▶ [Your goal] Copy word for word the lines in the records below, starting at the line with "의존성 역전에는 결국" and ending at the line with "Um arbusto ereto". Skip the pictures.

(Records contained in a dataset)
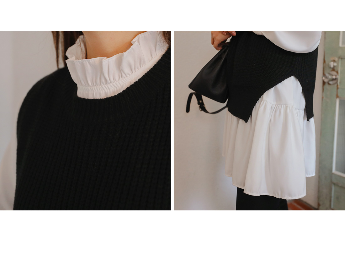 네크라인 위로 올라오는 프릴 디테일이 러블리한 분위기를 연출해줘요.
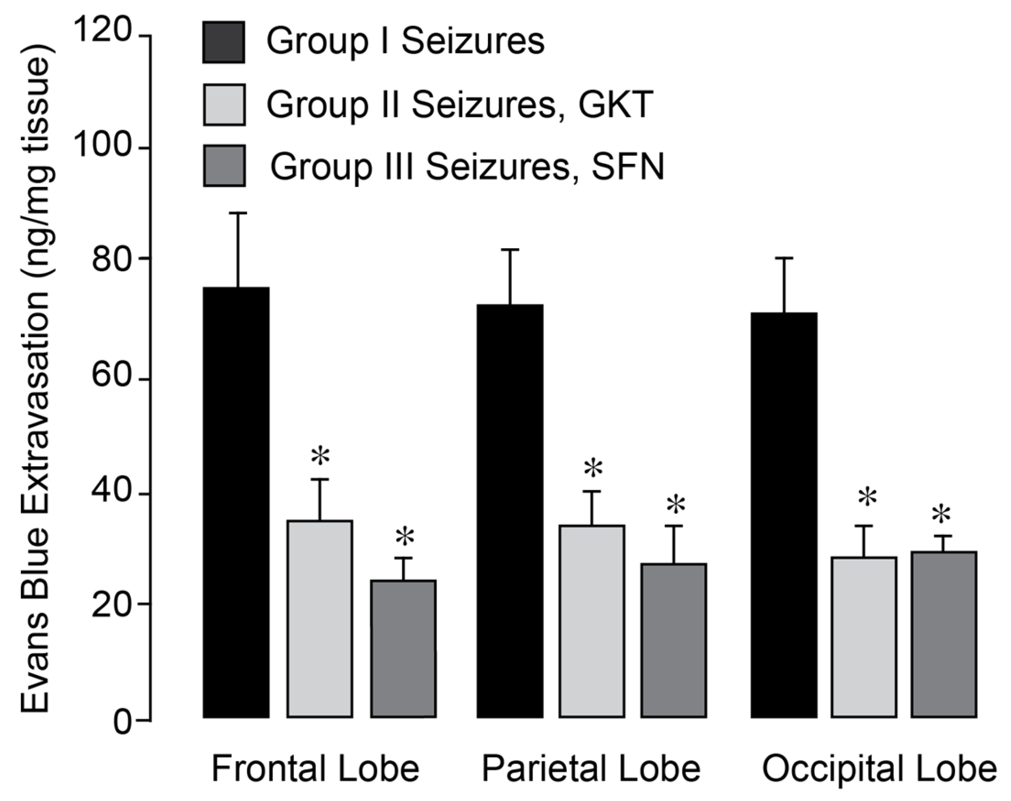 Figure 8. NOX inhibitors improved the outcome of epileptic seizures on BBB permeability. Seizures were induced by bicuculline (3 mg/kg, i.p.) in normothermic pigs, untreated (Group I) and pretreated with Nox inhibitors setanaxib (GKT, 5 mg/kg i.p, Group II) or sulforaphane (SFN, 0.4 mg/kg i.p, Group III). BBB permeability was detected by the Evans Blue extravasation in the frontal, parietal, and occipital lobes of the brain cortex 24 h after bicuculline administration. N = 4 pigs per group. Values are means ± SD. * p < 0.05, compared with the corresponding control values in untreated pigs.
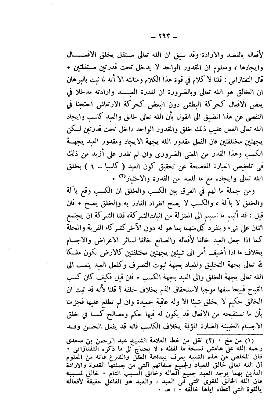 قَالَ التَّفْتَازَانِيُّ: قُلْنَا لَا كَلَامَ فِي قُوَّةِ هَذَا الْكَلَامِ وَمَتَانَتِهِ، إِلَّا أَنَّهُ لَمَّا ثَبَتَ بِالْبُرْهَانِ أَنَّ الْخَالِقَ هُوَ اللَّهُ - تَعَالَى -، وَبِالضَّرُورَةِ أَنَّ لِقُدْرَةِ الْعَبْدِ وَإِرَادَتِهِ مَدْخَلًا فِي بَعْضِ الْأَفْعَالِ، كَحَرَكَةِ الْبَطْشِ دُونَ الْبَعْضِ كَحَرَكَةِ الِارْتِعَاشِ؛ احْتَجْنَا فِي التَّفَصِّي عَنْ هَذَا الْمَضِيقِ إِلَى الْقَوْلِ بِأَنَّ اللَّهَ - تَعَالَى - خَالِقٌ وَالْعَبْدَ كَاسِبٌ، وَإِيجَادَ اللَّهِ - تَعَالَى - الْفِعْلَ عَقِيبَ ذَلِكَ خَلْقٌ، وَالْمَقْدُورَ الْوَاحِدَ دَاخِلٌ تَحْتَ قُدْرَتَيْنِ، لَكِنْ بِجِهَتَيْنِ مُخْتَلِفَيْنِ. فَإِنَّ الْفِعْلَ مَقْدُورُ اللَّهِ بِجِهَةِ الْإِيجَادِ، وَمَقْدُورُ الْعَبْدِ بِجِهَةِ الْكَسْبِ، وَهَذَا الْقَدَرُ مِنَ الْمَعْنَى الضَّرُورِيِّ، وَإِنْ لَمْ نَقْدِرْ عَلَى أَزْيَدَ مِنْ ذَلِكَ فِي تَلْخِيصِ الْعِبَارَةِ الْمُفْصِحَةِ عَنْ تَحْقِيقِ كَوْنِ الْعَبْدِ كَاسِبًا بِخَلْقِ اللَّهِ - تَعَالَى - وَإِيجَادِهِ مَعَ مَا لِلْعَبْدِ مِنَ الْقُدْرَةِ وَالِاخْتِيَارِ.
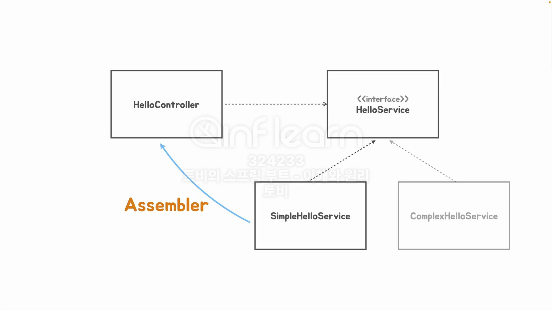 의존성 역전에는 결국 제 3의 존재를 필요로 합니다. 그 존재를 Assembler라고 합니다. HelloController는 HelloService 인터페이스를 구현한 어떠한 클래스에 의존을 하는데 소스코드 레벨에서는 의존을 하고싶지 않도록 구현하였습니다. SimpleHelloService에서 ComplexHelloService로 변경되었다 하더라고 소스코드를 수정하지 않도록!
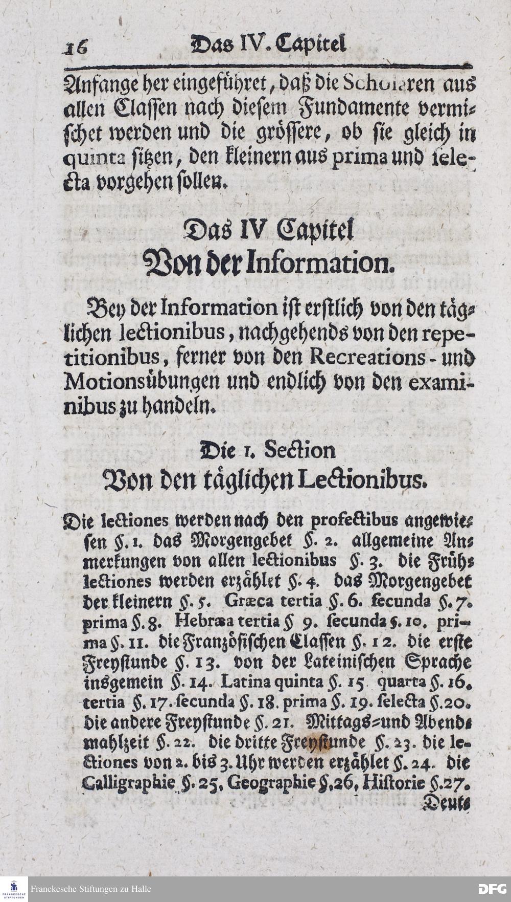 Kurzer Bericht Von der Gegenwärtigen Verfassung Des PAEDAGOGII REGII Zu Glaucha vor Halle / Aus der vormals schon edirten, nunmehro aber in vielen Stücken nach und nach verbesserten Ordnung und Lehrart herausgezogen und wiederholet. HALLE, Zu finden im Wäisenhause, MDCCXIII.
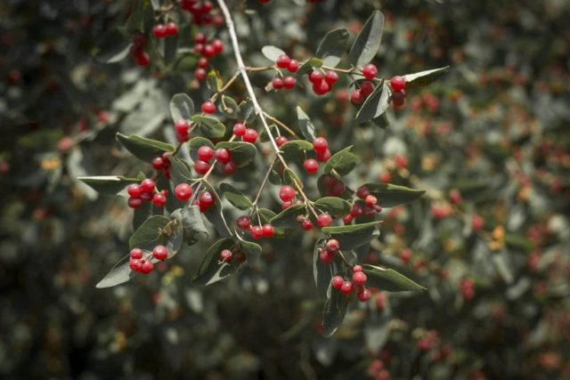 Um arbusto ereto cresce até 2,5 m de altura. A planta pode ser reconhecida por suas pequenas folhas verdes brilhantes de até 3 cm de comprimento, pálidas por baixo. O arbusto floresce no final de maio com inflorescências amarelas e, no meio do verão, dá frutos - drupas esféricas vermelhas, que costumam crescer juntas na base.
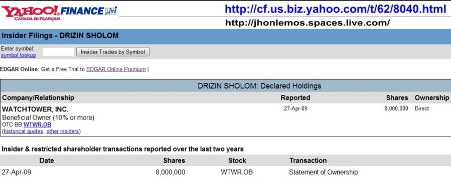 Drizin Sholom – Insider Filings Watchtower, Inc. – Información obtenida del sitio web: http://cf.us.biz.yahoo.com/t/62/8040.html
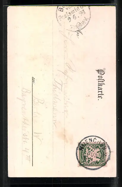 Personenbezogene Daten auf der Rückseite der Karte wurden durch blauen Textmarker unkenntlich gemacht. Die blauen Stellen sind auf die Vorderseite durchgeweicht und wirken sich negativ auf das Postkartenfoto aus
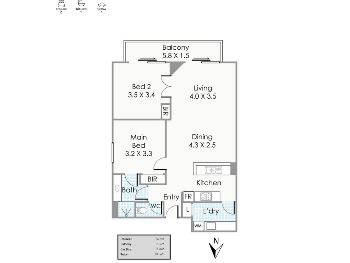 - Internal: 74sqm | Balcony: 10sqm | Cars: 15sqm | Total: 99sqm
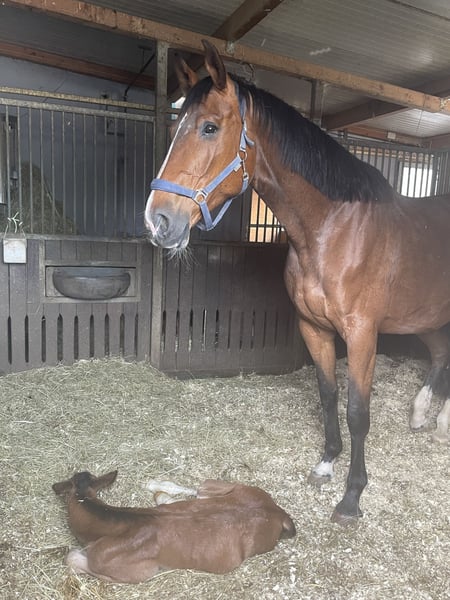 Due to herd reduction, we are offering our 9-year-old breeding mare Isidora W by Orlando van de Heffinck x Casall x Coronado x Laurin, from the successful Holsteiner performance lineage 730B. Initially awarded the district premium and carefully trained in sport up to M-level show jumping, she was used as a broodmare in our small private stable. In 2020, she foaled her first filly by Vingino (by Voltaire; already successful in show jumping competitions). She was followed by two colt foals by Quel Homme de Hus (by Quidam de Revel) and Quiwi Dream (by Quidam de Revel). Currently, the mare is pregnant by United Way (by Uriko). The breeding stallion is highly successful in sport up to 1.50 m, and the Holsteiner Verband highlights the following qualities he passes on to his offspring: a rectangular conformation, athleticism, positive rideability, personality, and attitude. From the Holsteiner mare line 730B, numerous sport horses have been bred. Isidora W’s dam has produced eight other offspring, including the approved stallion Consall B (by Contender), the successful show jumper Napoleon 476 (by Numero Uno), who currently competes internationally under a young Algerian rider up to 135 cm, and Quiliano (by Q-Verdi), who was sold at the Holsteiner licensing auction as the most expensive non-licensed stallion. This tall, noble broodmare has a strong character, and her previous offspring are tall, talented, and endowed with great scope. As she takes well, there is every reason to expect further successful breeding. We are selling Isidora W in foal directly from the breeder’s hand, and it is very important to us that she finds a good home where her excellent maternal line will be appreciated and continued. Please only send serious inquiries. Feel free to contact us by phone at the provided mobile number.
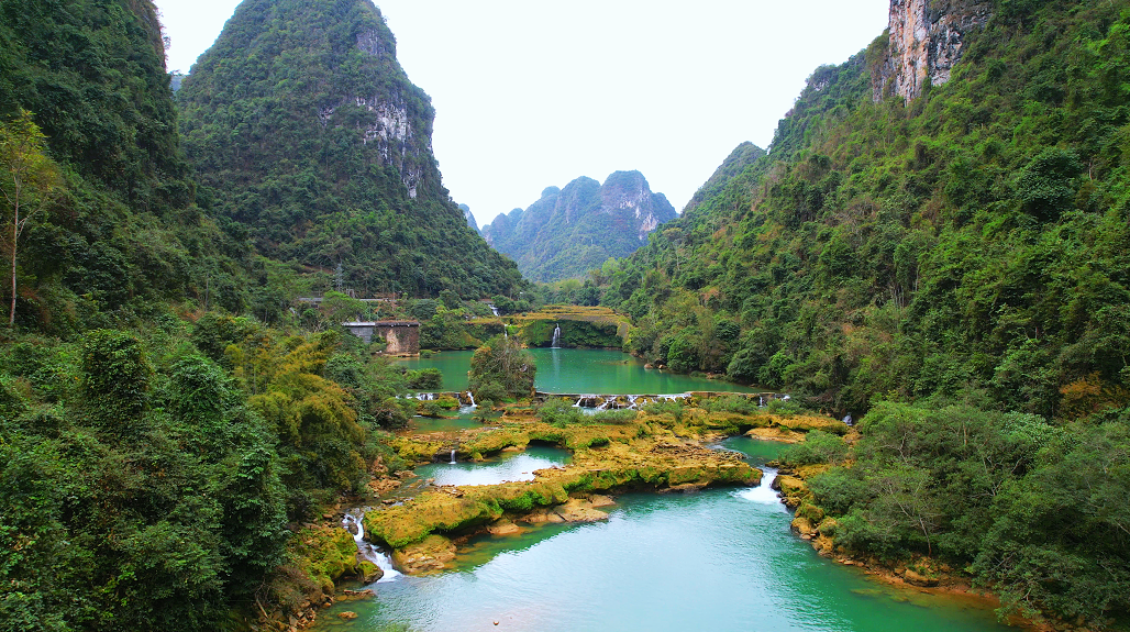 很多人说广西最美的风景不在景区而在路上。在国道219线崇左大新路段稔底隧道旁,就有一个山水天成、层层叠瀑的景点——沙屯叠瀑。
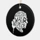 Lightweight, smooth, pure white ornament with nice sheen. Perfect size to be seen from across the room ... and to attract closer inspection! Price was great for ordering enough for the whole family! Clear, bold black design just as requested. Matches the order exactly. Just so nice!
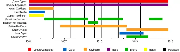 - Кейн Ритчотт — ударные, перкуссия, бэк-вокал (2012–2016, 2017–наст. вр.)
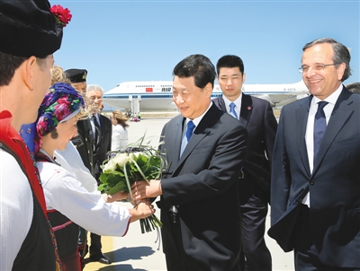 習近平抵達羅德島迪亞哥拉斯機場時,希臘總理薩馬拉斯專程從首都雅典前來,并率多名內(nèi)閣部長和羅德市市長到機場歡迎。習近平在舷梯旁同薩馬拉斯握手,互致問候。身著當?shù)貍鹘y(tǒng)服裝的希臘青年向習近平獻花。希臘禮兵沿紅地毯兩側(cè)列隊,向習近平行注目禮。
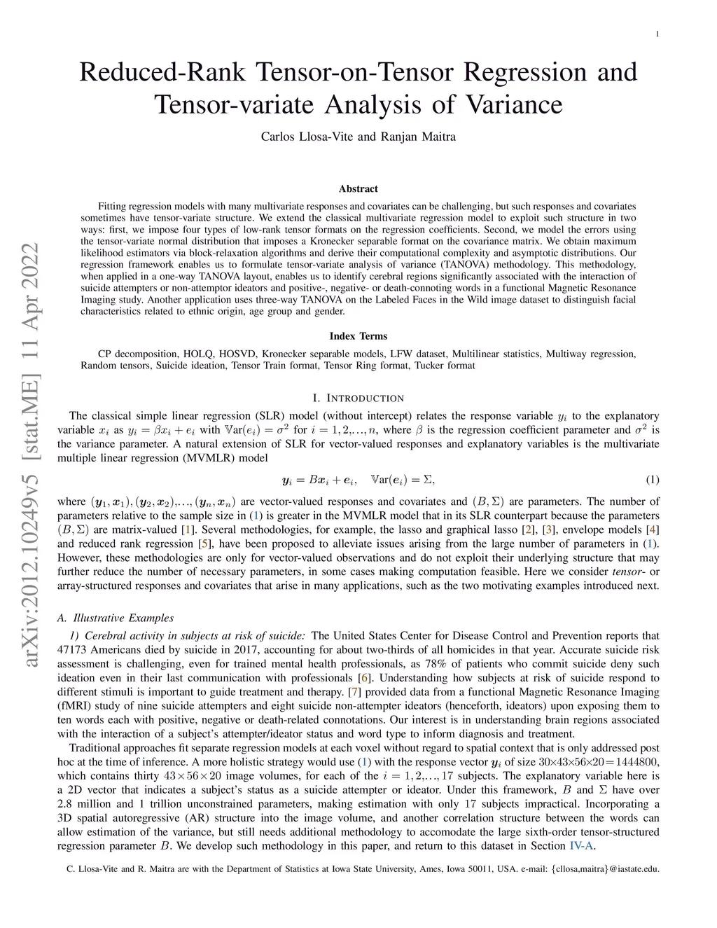 Fitting regression models with many multivariate responses and covariates can be challenging, but such responses and covariates sometimes have tensor-variate structure. We extend the classical multivariate regression model to exploit such structure in two ways: first, we impose four types of low-rank tensor formats on the regression coefficients. Second, we model the errors using the tensor-variate normal distribution that imposes a Kronecker separable format on the covariance matrix. We obtain maximum likelihood estimators via block-relaxation algorithms and derive their computational complexity and asymptotic distributions. Our regression framework enables us to formulate tensor-variate analysis of variance (TANOVA) methodology. This methodology, when applied in a one-way TANOVA layout, enables us to identify cerebral regions significantly associated with the interaction of suicide attempters or non-attemptor ideators and positive-, negative- or death-connoting words in a functional Magnetic Resonance Imaging study. Another application uses three-way TANOVA on the Labeled Faces in the Wild image dataset to distinguish facial characteristics related to ethnic origin, age group and gender.
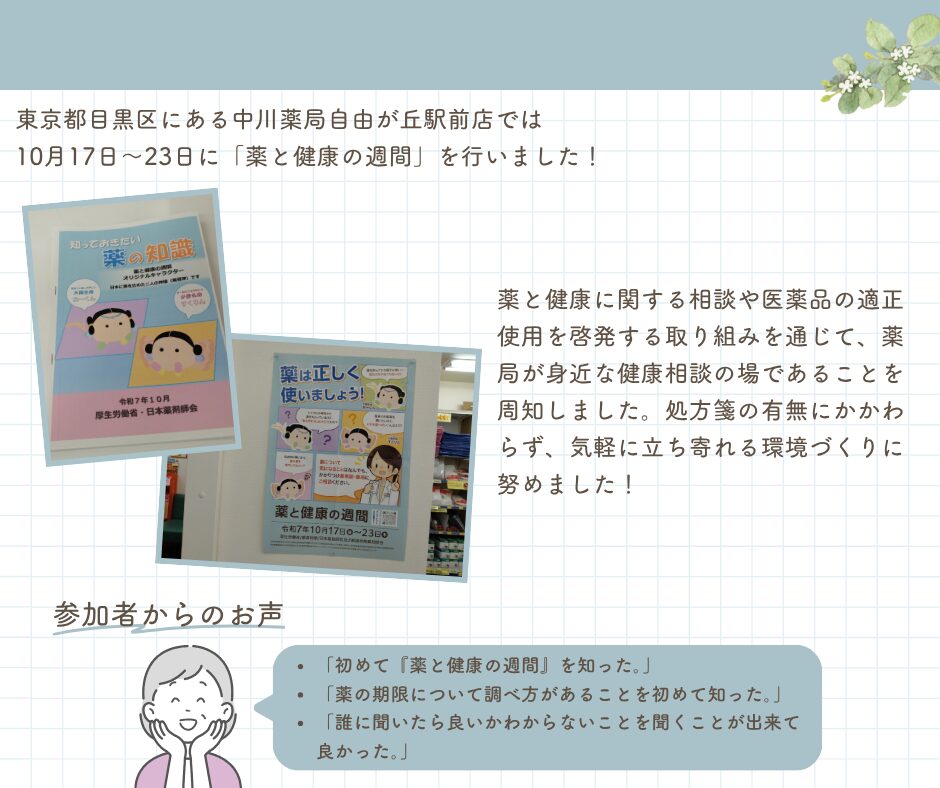 《地域イベントレポート》 中川薬局 自由が丘駅前店 薬と健康の週間の実施
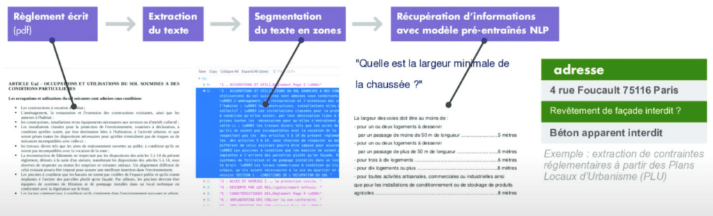 En plus de la computer vision, namR fait appel à des algorithmes de natural language processing (NLP) pour analyser les plans locaux d’urbanisme (PLU) ou des permis de construire pour les lier à des adresses et des bâtiments et ainsi en déduire des données sur des adresses.
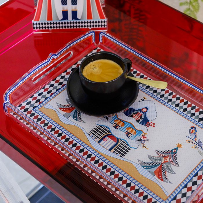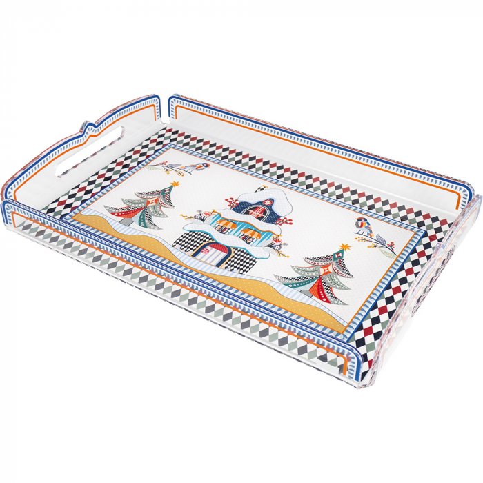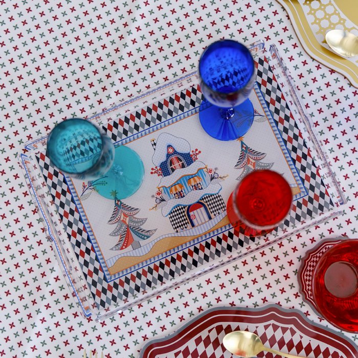 Realizzato con una nuova shape dei bordi e decorato con un’illustrazione originale che sfuma dai toni freddi del blu neve al calore dell’oro festivo, questo vassoio è pensato per creare atmosfera e accogliere i tuoi ospiti con eleganza.
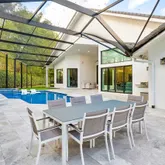 - Exterior Features: Auto Sprinkler, Custom Lighting, Fruit Tree(s), Screened Patio, Summer Kitchen
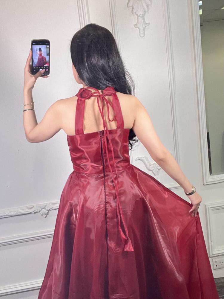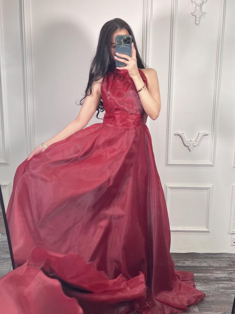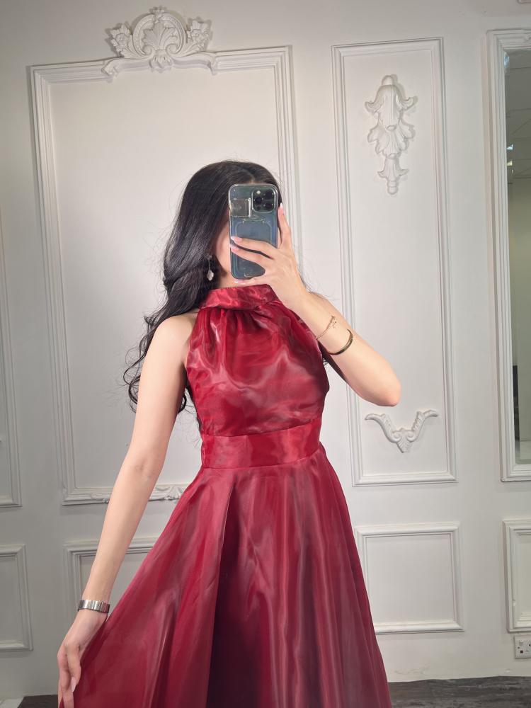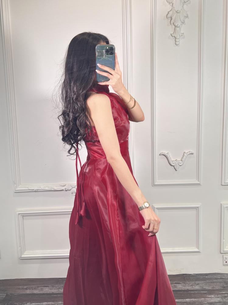 - استمتعي بإطلالة خالدة تأسر الأنظار مع هذا الفستان النبيذي الراقي بتصميم كلاسيكي أنيق بلمسة عصرية جذابة. يتميز بقصة بدون أكمام مع ياقة عالية ملتفة تُبرز جمال الرقبة وتضفي مظهراً ملكيًا متوازنًا بين القوة والنعومة. تنسدل قصة السفلية قصة واسعة بانسيابية مبهرة حتى الأرض، مما يمنحك حضورًا ساحرًا في كل خطوة.
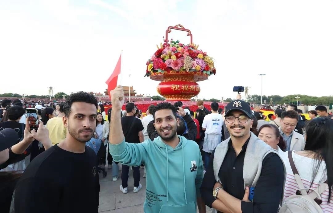 △2023年10月1日,三位來自阿爾及利亞的游客在北京天安門廣場(chǎng)“祝福祖國(guó)”巨型花籃前留影。

▶ [The completed task]
 의존성 역전에는 결국 제 3의 존재를 필요로 합니다. 그 존재를 Assembler라고 합니다. HelloController는 HelloService 인터페이스를 구현한 어떠한 클래스에 의존을 하는데 소스코드 레벨에서는 의존을 하고싶지 않도록 구현하였습니다. SimpleHelloService에서 ComplexHelloService로 변경되었다 하더라고 소스코드를 수정하지 않도록!
 Kurzer Bericht Von der Gegenwärtigen Verfassung Des PAEDAGOGII REGII Zu Glaucha vor Halle / Aus der vormals schon edirten, nunmehro aber in vielen Stücken nach und nach verbesserten Ordnung und Lehrart herausgezogen und wiederholet. HALLE, Zu finden im Wäisenhause, MDCCXIII.
 Um arbusto ereto cresce até 2,5 m de altura. A planta pode ser reconhecida por suas pequenas folhas verdes brilhantes de até 3 cm de comprimento, pálidas por baixo. O arbusto floresce no final de maio com inflorescências amarelas e, no meio do verão, dá frutos - drupas esféricas vermelhas, que costumam crescer juntas na base.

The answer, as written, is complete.